The third step is offsetting. I want real offsetting not greenwashing to make me feel better. “These chips are ’lower in fat’” therefore they are healthier or something. Oh, read the label and they changed the serving size so the total grams of fat on the package went down but the number of grams of fat per gram of serving is the exact same. That stuff ticks me off. Sadly, there is a lot of fraud in the offsetting market. There are lots of stories about people trying to do the right thing and then finding out they were sending money to have nothing done. I’ve found what I can surmise is a good place to actually buy offsets called Gold Standard . The projects they support are not just about planting trees or paying people to not cut them down, one of the standard ways to hypothetically offset carbon. These are about local projects which not only reduce carbon but also provied other societal needs. These are things like projects to provide clean cooking stoves for under developed countries in the world or local renewable power generation projects. Doing these things hypothetically help these under served societies while also helping to reduce carbon emissions. I still need to do some more research for this company and a few others I have found. Once I have calculated my carbon footprint each month I’ll be able to offset that by purchasing these credits.
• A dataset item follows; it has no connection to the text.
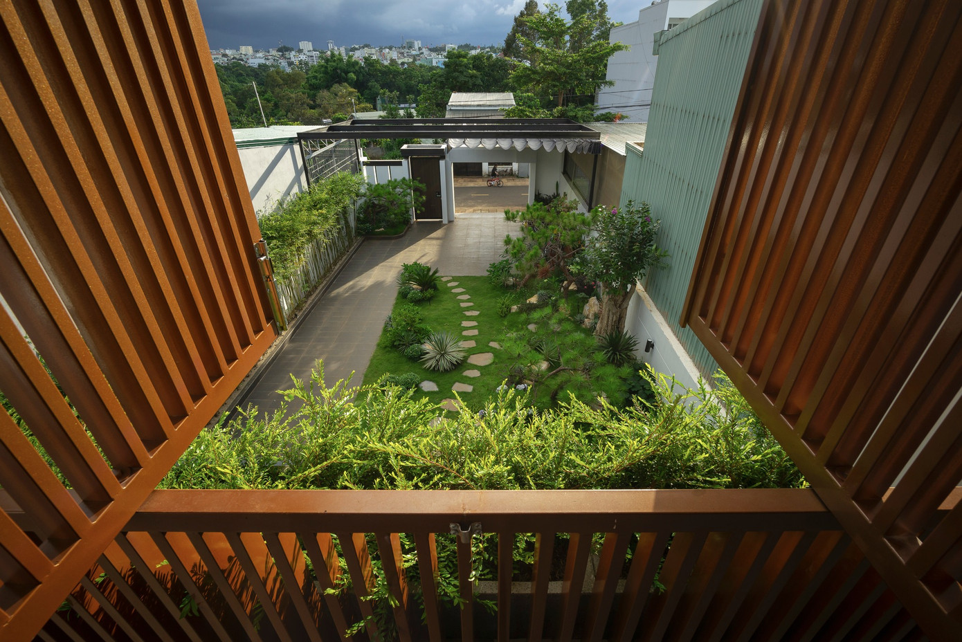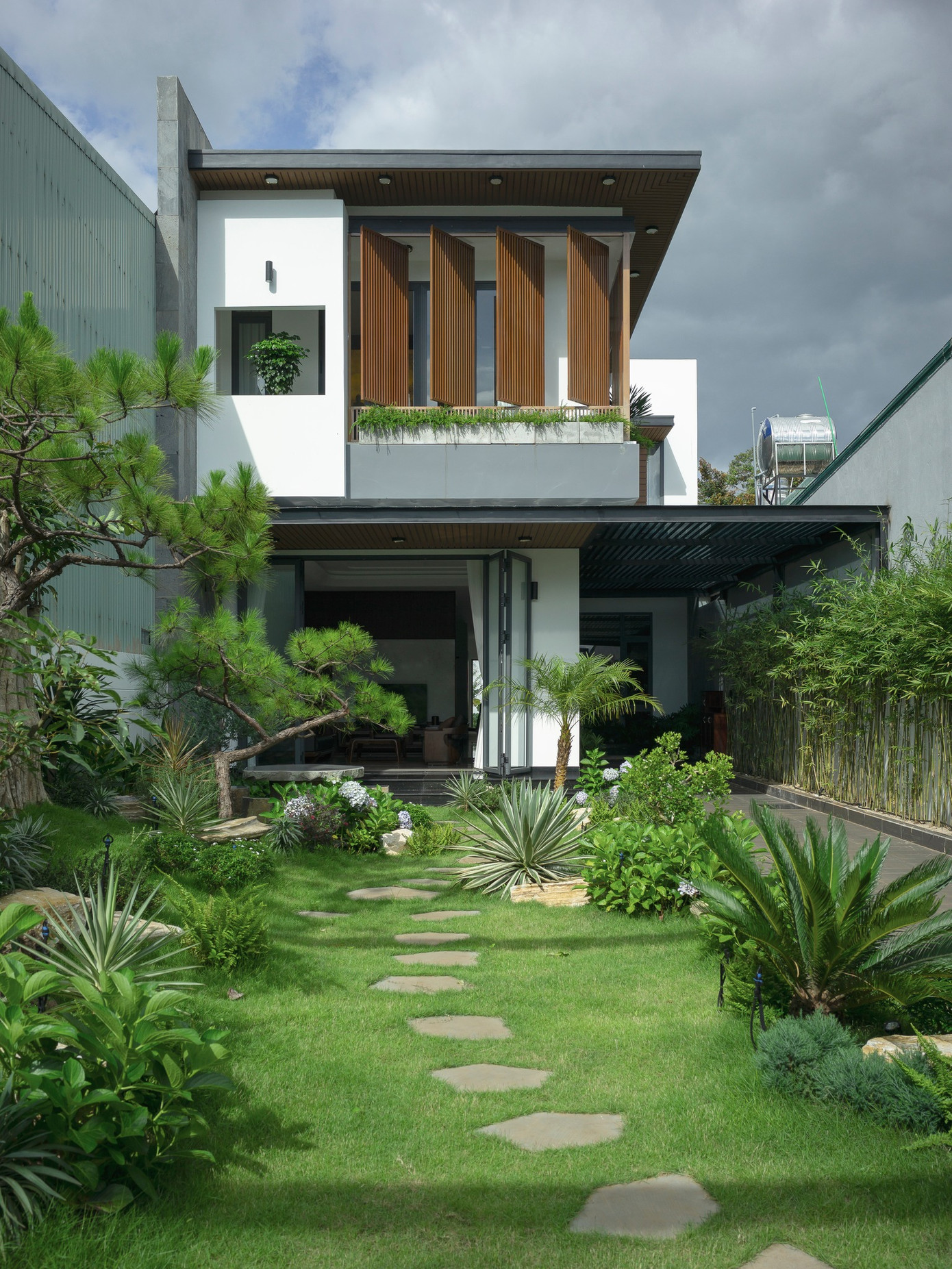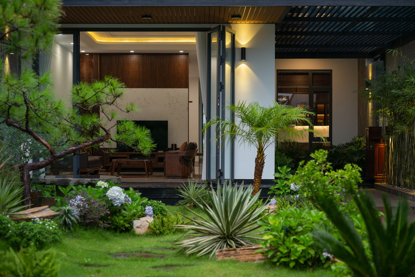 Khu vực sân vườn được bố trí hài hòa phủ xanh toàn bộ phần sân trước, vừa có tác dụng cản nắng gió hướng Tây làm giảm bớt lượng nhiệt vào bên trong, vừa đem lại tính thẩm mỹ cao cho ngôi nhà khi có thêm 1 cảnh quan đẹp và hài hoà trong khuôn viên.

So what is the overall goal of this personal project? I want to be a net zero carbon emitter just like Microsoft has pledged by 2030 . I want to do this by a combination of reducing my footprint and by offsetting that. I want to do that in a way that can make this process reproducible for myself and other people. If I had full faith in the offset projects I’d start with my current crude estimate and start buying the offsets immediately. I don’t want to greenwash myself and encourage fraud so I’ll just keep the tally until I’m ready to commit to that while I’m coming up with my quantification methods.